How Silicon Valley is dealing with California's housing crunch

Linkedin is latest to invest in affordable housing

Some of Silicon Valley's biggest employers want to make it easier for their workers to find a place to live in the country's most expensive housing market.

The networking site LinkedIn has invested $10 million in an initiative by Housing Trust Silicon Valley to create more affordable housing in the Bay Area. A piece of LinkedIn’s investment to the trust's TECH Fund was used to purchase a development site in Mountain View, California, for 70 apartments that will be priced at below-market rates.

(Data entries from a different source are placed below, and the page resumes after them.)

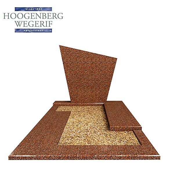 Dit grafmonument heeft een modern en geometrisch ontwerp met opvallende scherpe hoeken en een asymmetrische vormgeving. Het gebruik van oranje-rood graniet zorgt voor een warme en uitnodigende uitstraling, die tegelijk kracht en rust uitstraalt. De scherpe lijn van de bovenste zuil, die naar voren leunt, creëert een visueel dynamisch effect, terwijl de rechthoekige basis de stabiliteit en eenvoud van het monument onderstreept.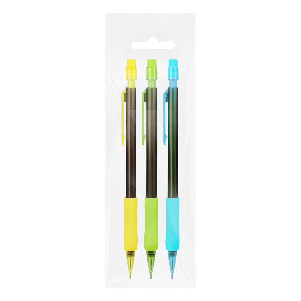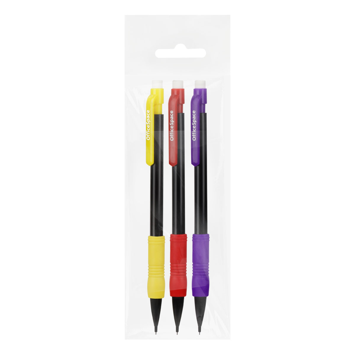 Набор карандашей механических OfficeSpace, 0,5мм, грип, с ластиком, ассорти, 3шт (фасовка)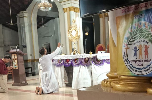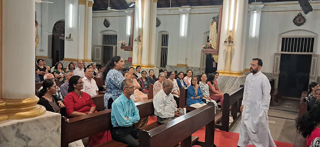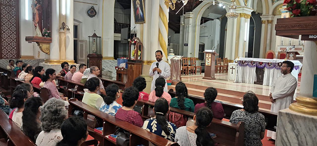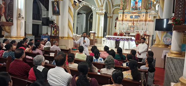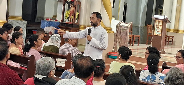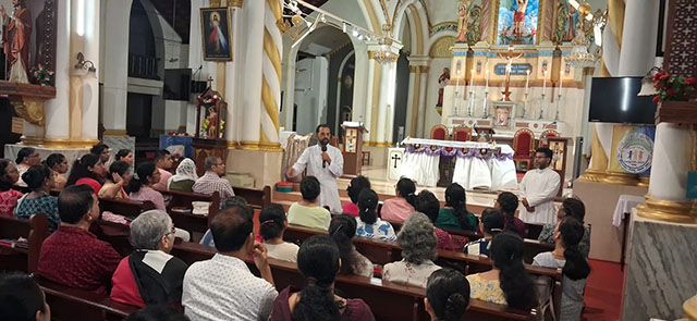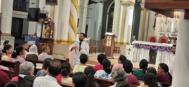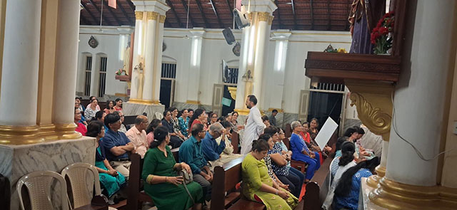 Mangaluru, Mar 16: A Lectors’ recollection was organised at St Sebastian Church Bendur under the guidance of Fr Boniface Pinto, spiritual director of Divya Dharma Karnataka Regional Propaedeutic Seminary. The recollection was centered on the theme ‘Proclamation of the Word of God.’ Around 150 lectors of the parish participated in the spiritual programme which concluded with Eucharistic Adoration.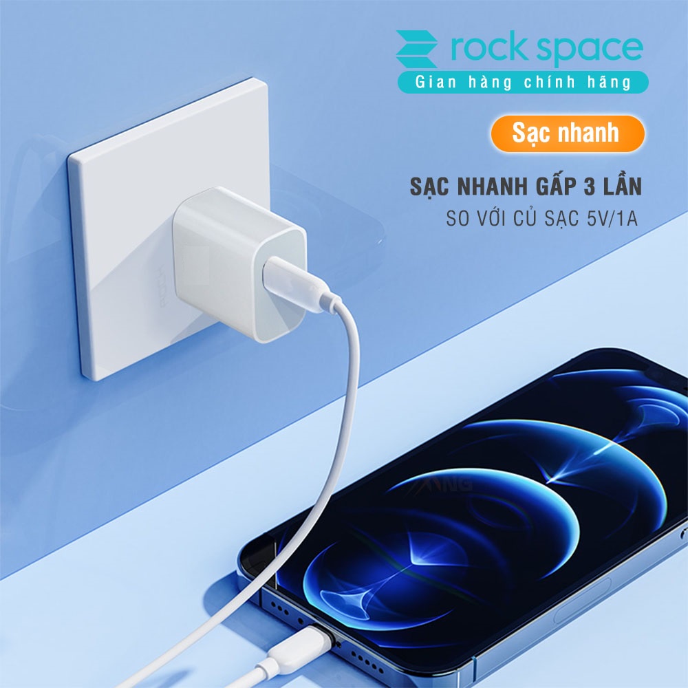 Điện Thoại & Phụ Kiện > Pin Gắn Trong, Cáp và Bộ Sạc > Cáp Sạc và đầu chuyển đổi > Củ sạc nhanh 20W Rockspace T18 Chuẩn PD cổng Type C không nóng máy hàng chính hãng bảo hành 12 tháng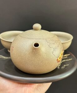 Ấm trà tử sa tây thi khoáng họa sen kèm 2 chén đẹp 270ml ATS95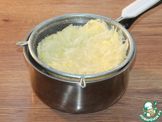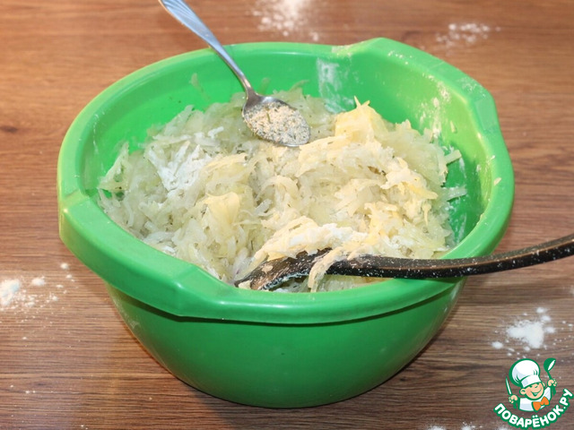 9. Отжимаем картофель руками, убирая лишнюю воду. В миску с картофелем добавляем тертый лук, вбиваем 1 яйцо и 1 куриный желток. Всыпаем специи. Специи - это соль, перец, сухие лук, чеснок и пряные травы. Все это перемешиваем.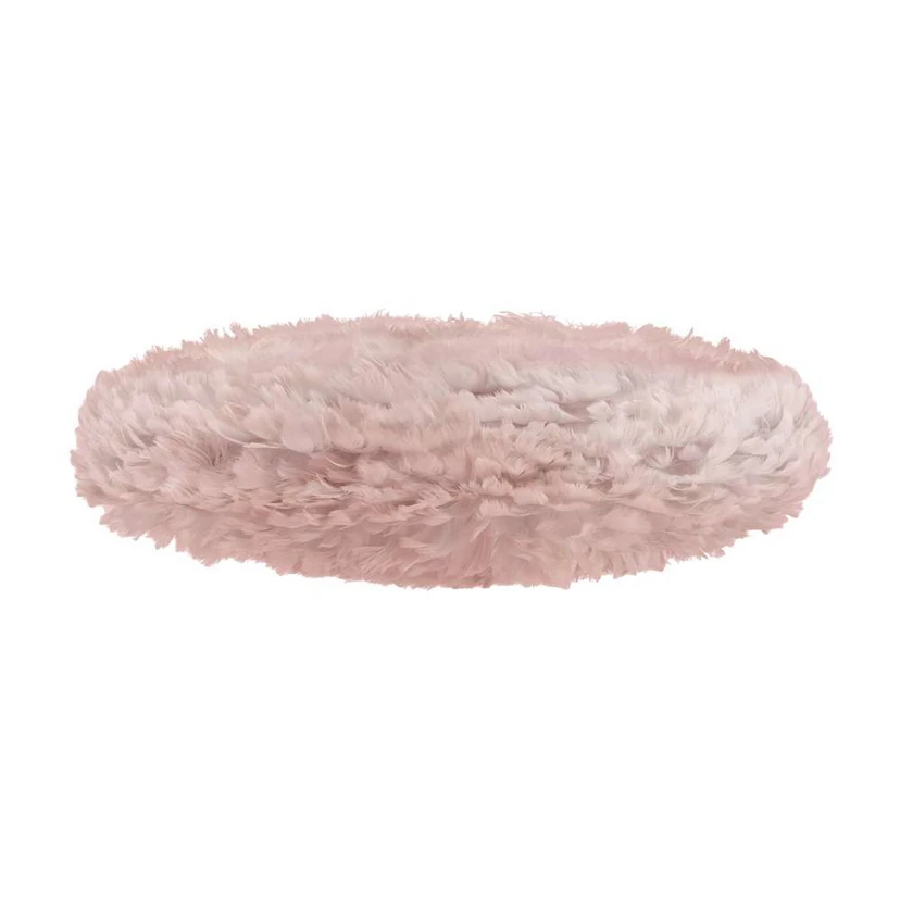 Denne smukke og unikke Eos-skærm er fremstillet i gåsefjer. Disse fjer sørger for at lyset strømmer blødt og lækkert fra lampen, og selv når den ikke er tændt, er den et kunstværk at se på.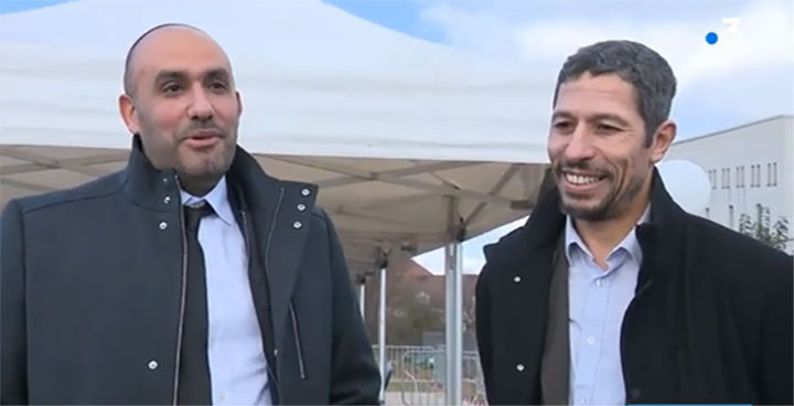 A Bussy-Saint-Georges, les présidents de la synagogue Yoan Cohen-Tannugi (à gauche) et de la mosquée Hicham Tahiri en février 2023 lors de la pose de la première pierre du lieu de culte juif. © Capture vidéo France 3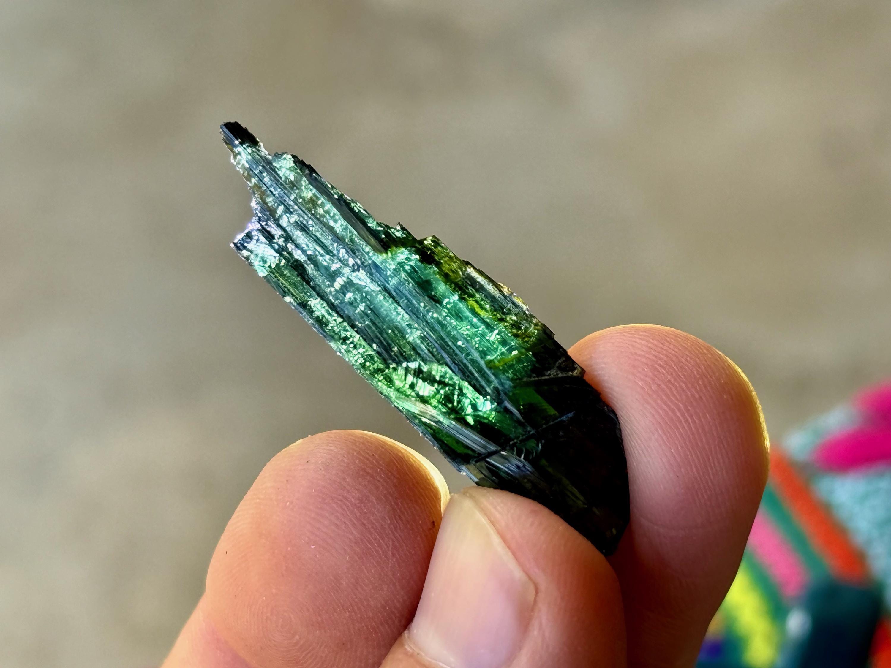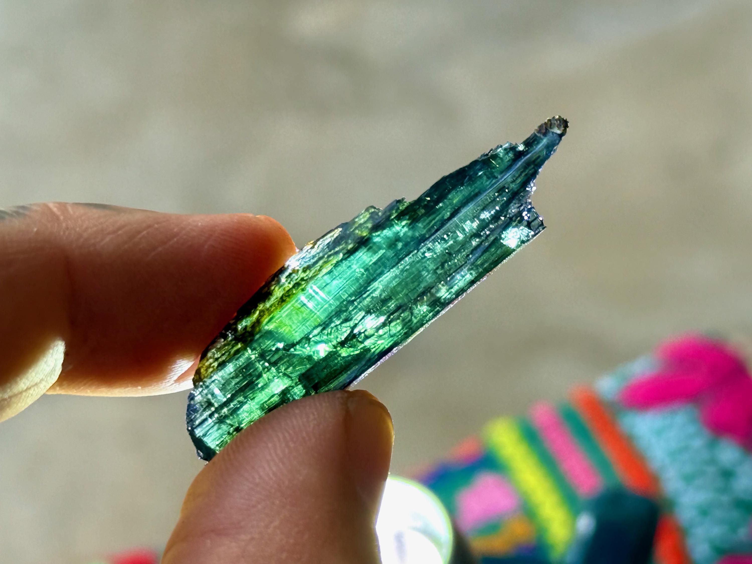 When backlit, the vibrant green hues of this crystal truly come to life, and we can also see some mild blue tinges at the tip (see Photos 1, 3-5). Completely intact and natural formation.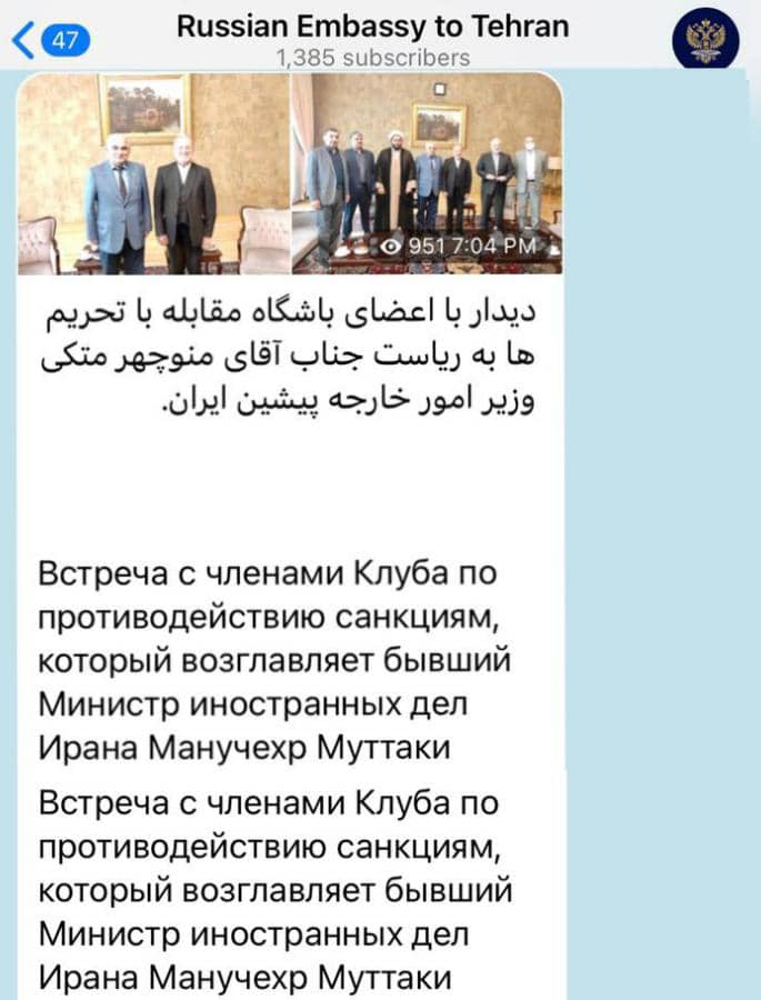 تا اینکه کانال رسمی سفارت روسیه در تهران خبر از ملاقات آقای سفیر با تیم شورای راهبردی باشگاه تحریمی ها داد که به دیدار منوچهر متکی رفته بود.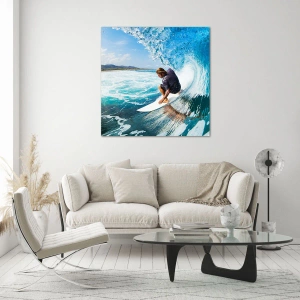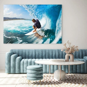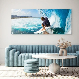 Glasbild - Bild auf glas - Surfer in einem Wassertunnel mit dem Ozean im Hintergrund - 70x50cm - Tanzen mit den Wellen - Moderne Wanddekoration für Wohnzimmer und Schlafzimmer ARTTOR

"We must all take ownership of the affordable housing crisis in the Bay Area, and invest in compassionate solutions," said Katie Ferrick, head of community affairs at LinkedIn. "This partnership with Housing Trust through the TECH Fund is a creative way to make community impact investing a viable way for companies to address the need for housing."

Linkedin's investment comes a few months after Facebook unveiled plans to develop a 56-acre site across the street from its Menlo Park headquarters. When completed, the company's Willow Campus will be an "integrated, mixed-use village" with 1,500 housing units -- with 15 percent dedicated as affordable housing -- and 125,000 square feet of retail space, including a grocery store and pharmacy.

Late last year, Facebook ponied up $20 million to create a partnership of community-based groups. The partnership's first project is the Catalyst Housing Fund to "pursue innovative and scalable ways to increase the production and protection of affordable housing." 

Also last summer, Alphabet, Google's parent company, announced it will invest $25 million to $30 million to build temporary modular housing for 300 employees. According to The Wall Street Journal, the units will be constructed by the start-up Factory OS, whose CEO told the newspaper that a similar project saved tenants $700 a month in rent.

Such investments are sorely needed in Silicon Valley and the Bay Area, largely because hiring by tech companies has created an enormous gap between the demand for housing and the supply.

The median sales price for a home in and around San Jose in the third quarter was $1,165,000, up nearly 17 percent from 2016, according to the National Association of Realtors. In San Francisco, prices were up more than 10 percent in third quarter 2017 to $900,000.

Increasingly, even highly paid software engineers are finding themselves priced out of the real estate market. One analysis estimated that tech company employees in San Francisco could expect to pay as much as 50 percent of their salary for an apartment within walking distance from work.